Aim of this experimental study was to develop an in vitro model that simplifies the study of various factors regulating neuronal regeneration.

An in vitro-system that allows co-culture of slices from rat motorcortex and spinal cord (p4) was established. Two groups of cultures were investigated: In the first group, intact spinal cord slices were cultured adjacent to motorcortex slices, while in the second group the spinal cord slices were sagitally cut into halves, with the sectioned interface placed directly adjacent to the motorcortex, in order to prevent the spinal white matter from interference. Each group was further divided into two subgroups: The NT-3 group, where the culture medium contained 50 ng/ml NT-3 and the control group treated with normal culture medium. Motorcortex pyramidal neurons were anterogradely labelled with MiniRuby, a 10 kD biotinylated dextran amine.
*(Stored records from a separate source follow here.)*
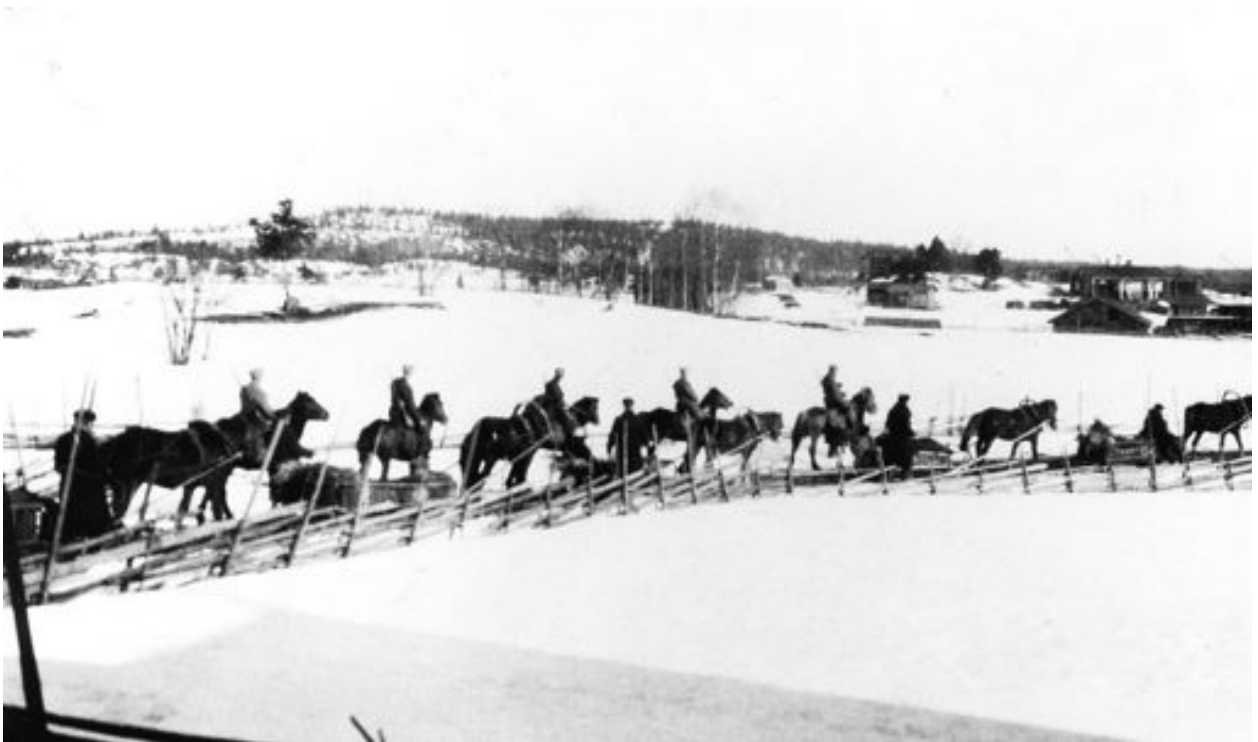
Vapaussodan miehistönkuljetuskalustoa. Siellä missä ei ollut rautateitä, käytettiin hevosia ja rekiä. Kymmenien hevosten kolonna ei vuonna 1918 ollut vieras näky.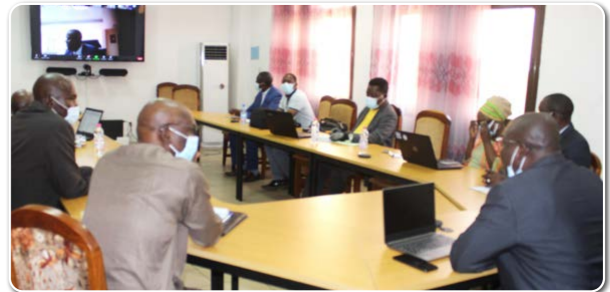
Table-ronde des bailleurs RGPH5, le Ministre de l'Economie et des Finances en Visioconférence avec les PTF le 11 mars 2021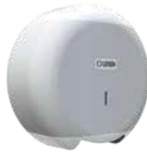
REF: CP-3006-B Acabado BLANCO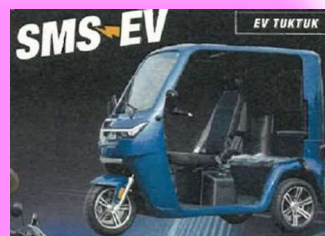
電動トゥクトゥク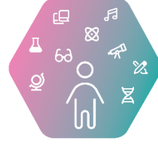
IX. STE(A)M и природни науки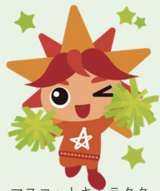
マスコットキャラクター アビリス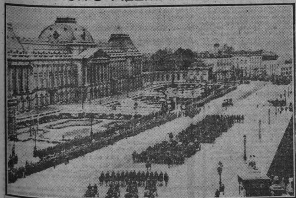
Fuerzas alemanas de Artillería montada desfilando ante el Palacio Real belga en Bruselas.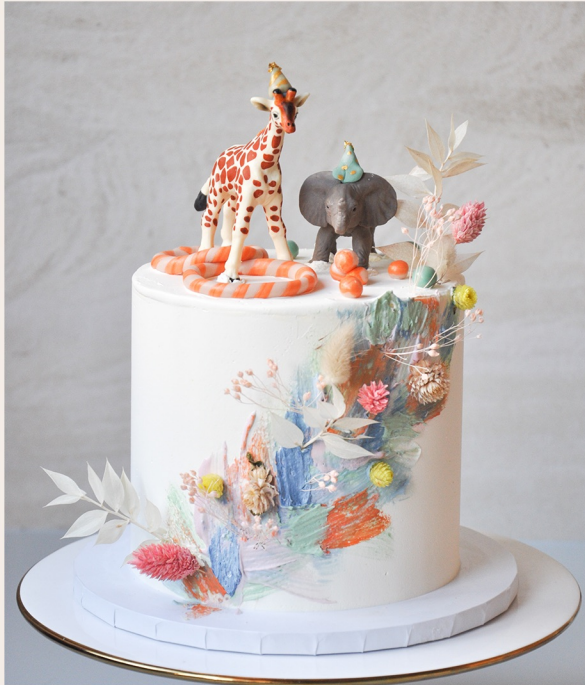
Beispieltorte: 8 Stück, Ø 15 cm, ca. 12cm Höhe ohne Deko

1 STOCKWERK 2 STOCKWERKE WEITERES ab 150,00 € ab 317,00 € auf Anfrage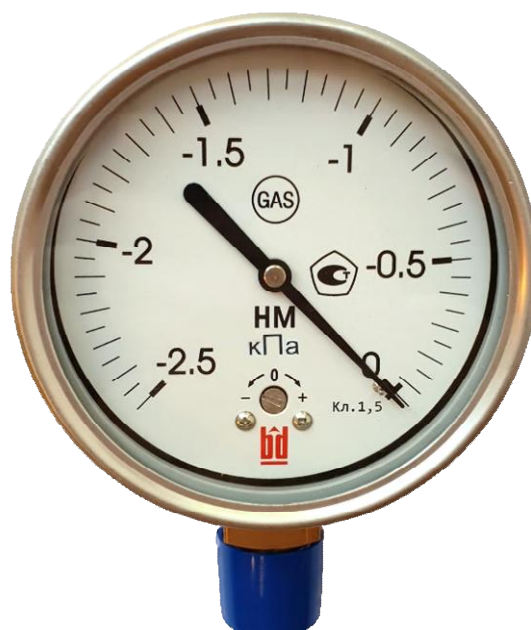
Рисунок 2 – Общий вид тягомера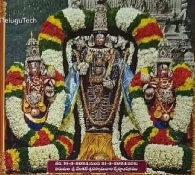
శని. 17-6-2024 నుండి 21-6-2024 వరకు తిరుమల శ్రీ వేణకేశ్వరస్వామివారి క్షేత్రాధిపతి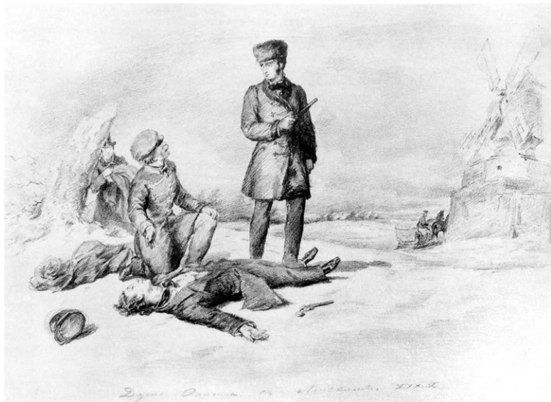
П. Соколов. Дуэль Онегина с Ленским. XIX в.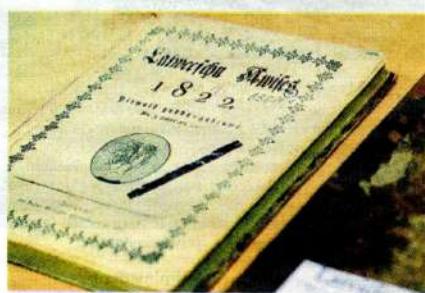
Pirms 200 gadiem, 1822. gada 5. janvārī, Jelgavā iznāca pirmā regulārā laikraksta latviešu valodā pirmais numurs. "Latviešu Avīzes" turpināja iznākt līdz 1915. gadam.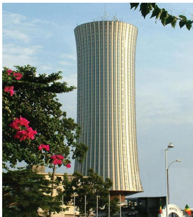
政府办公楼（当地称作“腰鼓楼”）

2021年4月，萨苏以88.4%的得票率在大选中胜出，再次连任总统，开启新一轮5年任期。5月，萨苏总统任命克阿纳托尔·科利内·马科索为总理，取消副总理一职，并根据总理提名，任命新一届政府。2025年1月，萨苏总统对政府进行小规模改组，新政府共有成员38人。总理为阿纳托尔·克利内·马科索（Anatole Collinet MAKOSSO），其余37人名单详见附录1。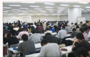
<東京会場サンシャインシティの様子>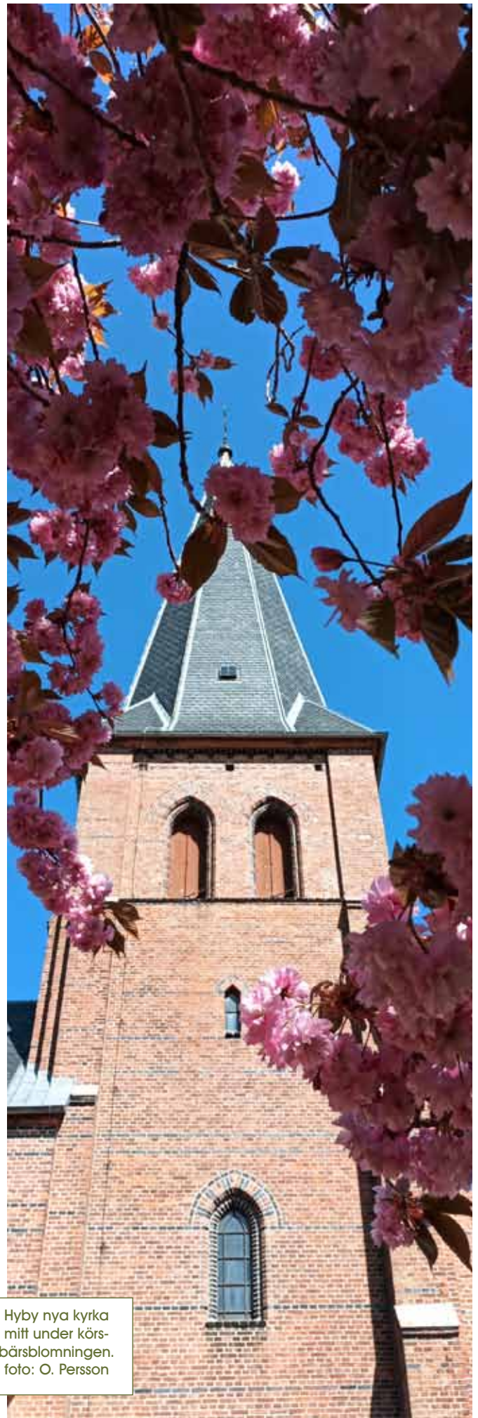
Hyby nya kyrka mitt under körsbärsblomningen.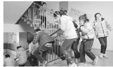
□张蓓 袁崇福 报道 11月9日上午9时，潍坊滨海实验小学组织1500余名师生进行消防疏散演练。

为落实全县家庭教育工作计划，深入推进全县家庭教育工作，帮助家长解决家庭教育中的困惑，提高广大家长育人水平，今年5月份，临朐县教育局推出了“父母大讲堂”教育惠民系列公益讲座活动，一期一个主题。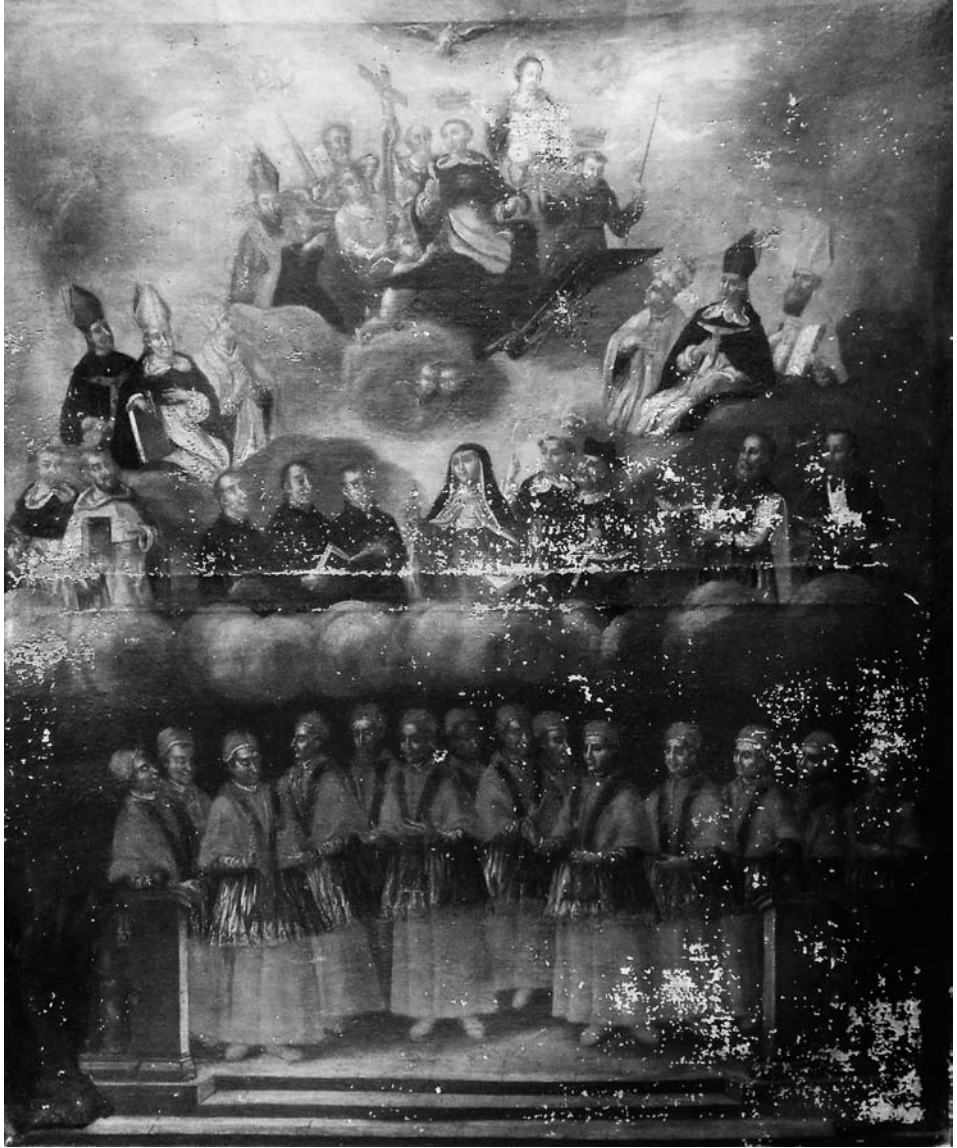
Fig. 2 Triomf de sant Tomàs d'Aquino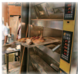
EL4.1216：右パネル・覗き窓仕様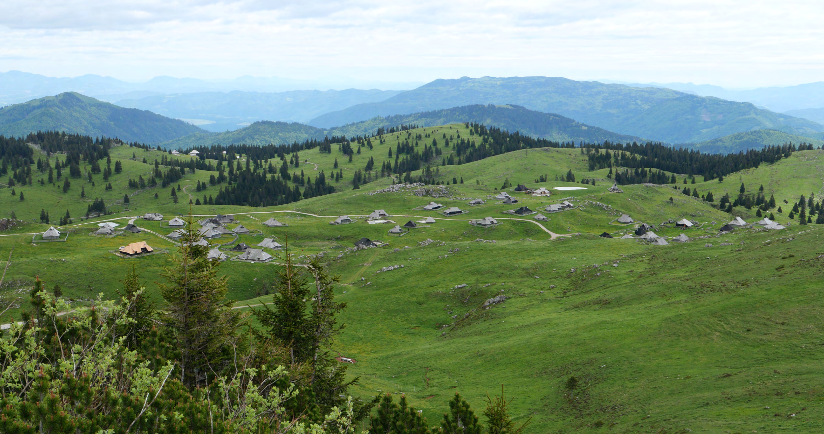
사진 1 = 전통 목동 마을 전경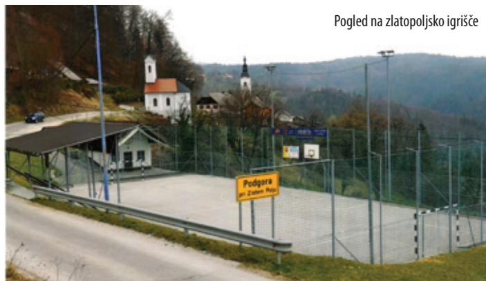
Pogled na zlatopoljsko igrišče

Nagovoril nas je tudi župan Matej Kotnik in izrazil zadovoljstvo nad de-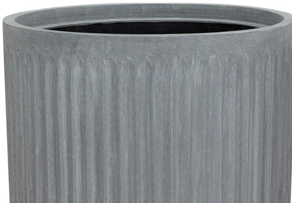
Ryflowana faktura powierzchni doniczki LEO29 w kolorze szarego betonu

Doniczki LEO charakteryzuje żłobiona powierzchnia, która przypomina rzymskie kolumny. Połączenie koloru szarego betonu i tej unikalnej ryflowanej faktury powierzchni doskonale pasuje do nowoczesnych aranżacji o industrialnym charakterze.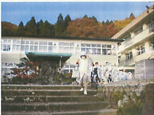
[ 住民避難(伊香具小学校) ]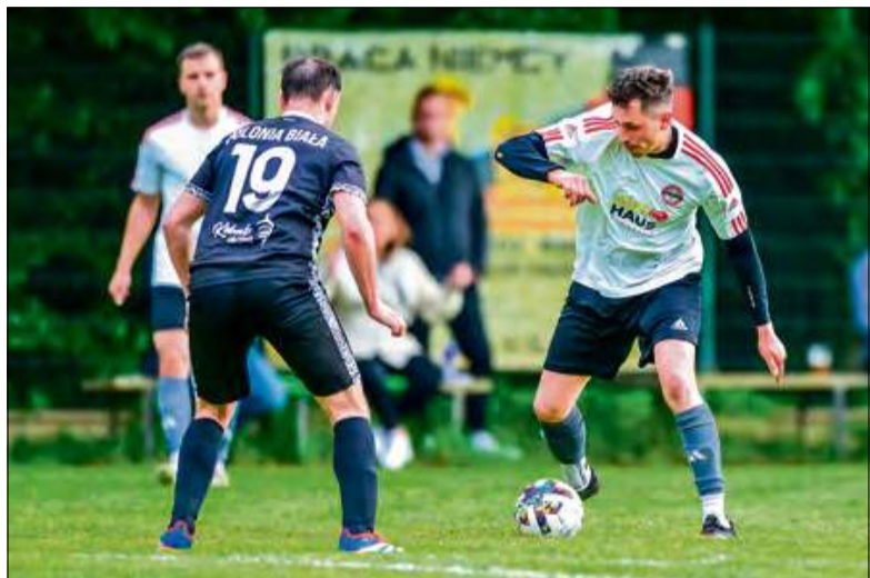
Dublet Borysa Wiskulskiego pozwolił Żywocicom zdobyć punkt.

Drugi raz z rzędu piłkarze żywocickiego LZS-u nie zdołali sięgnąć po komplet punktów. Przed tygodniem poprzeczkę naszym wysoko postawili futboliści z Białej, tym razem gospodarzom nie udało się pokonać ekipy ze Ścinawy Nyskiej.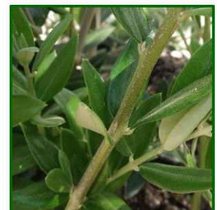
Larva de crisopa

Las larvas de este agente depredan tanto los huevos como las pequeñas larvas de polilla del olivo, por lo que es conveniente observar los niveles de depredación para considerar o no un posible tratamiento.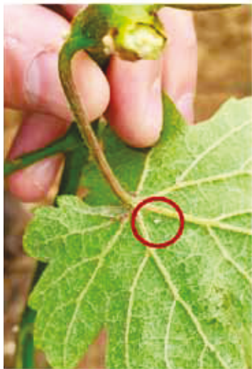
Slika 2. Ličinka 2. stadija na naličju lista vinove loze

Prezimljuje u stadiju jajeta u kori dvogodišnje rozgve ili starijem drvu, a vizualnim pregledom ih je jako teško uočiti. U istraživanju Bagnoli i Gargani (2011) utvrđeno je odlaganje jaja i na kori jednogodišnje rozgve, ali su vrijednosti bile izrazito niske u odnosu na starije dijelove biljke. Jaja su veličine 1 mm, lateralno spljoštena, prozirna. Pred kraj ovog stadija u jajima su vidljive crvene oči ličinki. Najčešće u svibnju pojavljuju se prve ličinke koje su jako sitne, prozirne s karakteristične dvije crne pjege na zatku. Ličinke prvih stadija je teško utvrditi bez povećala ili mikroskopa (L1 1,8 mm) i stoga je proizvođačima njihova prisutnost u vinogradu teško uočljiva i često prolazi nezapaženo. Nalaze se na naličju lista (Slika 2) i gotovo su nepomične osim ako su uznemirene, tada skaču, stoga pregled treba raditi jako oprezno.

After 4 days the co-cultures were propagated, and axonal sprouting occurred. The group of co-cultures treated with NT-3 showed an improved cortical cytoarchitecture, and sprouting axons were more frequently observed. In NT-3-treated co-cultures where spinal cord gray matter was directly opposed to cortical slices sprouting axons entered the adjacent spinal cord tissue. This phenomenon was not observed if spinal white matter was opposed to the cortical slices, or if NT-3 was absent.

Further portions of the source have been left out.